Служитель Аполлона – Александр Бенуа - страница 2

Шрифт
Интервал


Сколь красочны и существенны были эти впечатления можно судить по его мемуарам, где автор внимательно и подробно разбирает всякую «мелочь», пленившую его богатое воображение. Великолепной россыпью удивительных подробностей Александр Бенуа сопровождает свои литературные «петербургские пейзажи», а также пейзажи его окрестностей: Петергофа и Ораниенбаума, Павловска и Царского Села, Гатчины и прилегающей к Петербургу части Финляндии. Словно живые вырастают перед читателем узорчатые башни Нового Петергофа, дышат прохладою и умиротворением парки принца Ольденбургского, пленяют влажными тенями аллеи Сильвии с её тёмными бронзовыми статуями и предстаёт во всю свою исполинскую ширь Камеронова галерея, в нишах которой в вычурных позах стоят каменные мифологические персонажи.

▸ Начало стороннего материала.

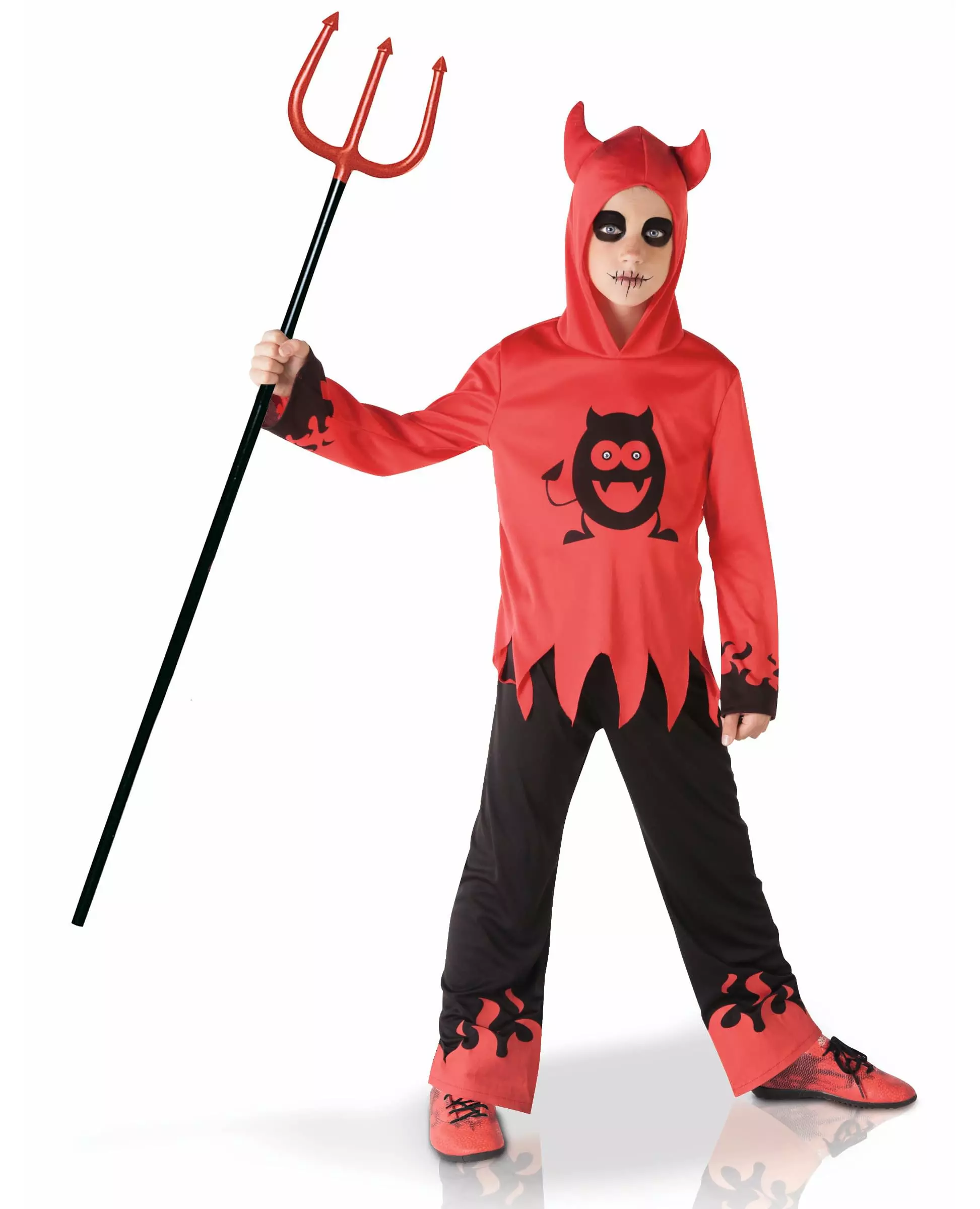 En søt liten djevel! Dette djevelkostymet består av en topp og bukser (trfork og sko er ikke inkludert). Settet er rødt og svart. Toppen har lange ermer og en påsydd hette med djevelhorn. Et svart flammemønster er tilstede på endene av ermene, og en svart djevel med googly-øyne er trykt på forsiden. Nederdelene er kuttet i spisser for en djevelsk revet effekt! De svarte buksene har en elastisk linning. De er trykt med røde flammer på nedre del av bena. Dette kostymet vil være uunnværlig for barnets Halloween-fest eller for en engler og demoner-kveld! Inkludert tilbehør: Hettegenser Bukser Materiale: 100 % polyester Vedlikehold: Håndvask

И как бы ни подчёркивал автор свою «особость» среди остальных братьев и сестёр, в своих воспоминаниях семье и её окружению он уделил столько внимания и места, что становится совершенно ясно, что именно семья сыграла основную роль в становлении личности художника, писателя и искусствоведа. Александр Бенуа пишет: «…Моё положение в семье было особенным. Явившись на свет после всех и без того, чтобы у родителей могла быть надежда, что за мной последуют и ещё другие отпрыски, я занял положение несколько привилегированное, какого-то Вениамина. Я не только пользовался особенно нежной заботой со стороны моих родителей, но был как бы опекаем и всеми сёстрами и братьями. Особенно нежны были со мной сёстры, годившиеся мне по возрасту в матери (старшей был 21 год, когда я родился, а младшей 20 лет). Но и братья всячески меня баловали, заботились обо мне и каждый по-своему старался влиять на моё воспитание. Всё это подчас не обходилось без маленьких драм и недоразумений, без ссор и обид; иные заботы и попечения принимали неприемлемый для меня оттенок, и тогда я всячески против таких посягательств на мою независимость восставал. Однако в общем мы все жили дружно, и о каждом из братьев и сестёр я храню добрую и благодарную память…»

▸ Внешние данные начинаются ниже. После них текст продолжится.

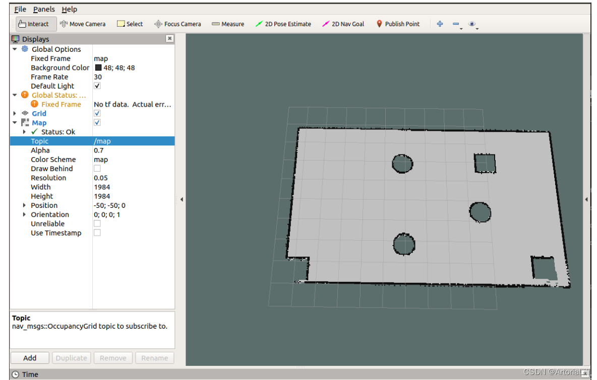 然后在终端打开一个rviz ,add添加地图(map),选取话题即可

Размышляя о своём детстве, Александр Бенуа при всяком удобном случае подчёркивает своё нерусское, итало-французское происхождение и космополитичность, оговариваясь, правда, что он всегда являлся и является гражданином и патриотом Санкт-Петербурга, самого нерусского города во всей России. Чего здесь на самом деле было больше – истинного ощущения себя как наследника великой культуры Франции и Италии или всё-таки рефлексии на консервативный, религиозно окрашенный русский патриотизм рубежа веков? Хотя выпустившему «Историю живописи всех времён и народов», написанную для русского читателя и измеренную западническими мировоззренческими лекалами, вполне логично было оказаться космополитом. В главном искусствоведческом труде своей жизни современную ему Россию Бенуа представляет воскресшей Византией, со всем её догматизмом, «целительным мраком» и утомительным светом. Он пишет: «Недаром же Византия из самой “загнанной” области истории искусства привлекает теперь самый жгучий интерес. Недавно ещё это искусство казалось “чуждым варварством”, теперь оно начинает казаться близким и родным. Вся “одичавшая эстетика” первых столетий нашей эры, её ребячество и упрощённость по сравнению с периодами предшествующими и последующими, кажется для нас снова прельстительной. В частности, элементы этого одичания: преследование роскошной декоративности, наслаждение яркой красочностью, забвение многих знаний (или мертвенное к ним отношение), наконец, тяготение к загадочному символизму и схематичной стилизации, всё это то самое, что нас теперь волнует, и в чём мы даже видим какое-то предельное достижение. Мы – византийцы, или, по крайней мере, те поздние римляне и эллины, которые не сумели (и, по воле судеб, не должны были) отстоять грандиозную, простую, самодовлеющую красоту, доставшуюся от отцов и дедов. Для достижения “настоящего византизма” нам не хватает лишь внешних событий».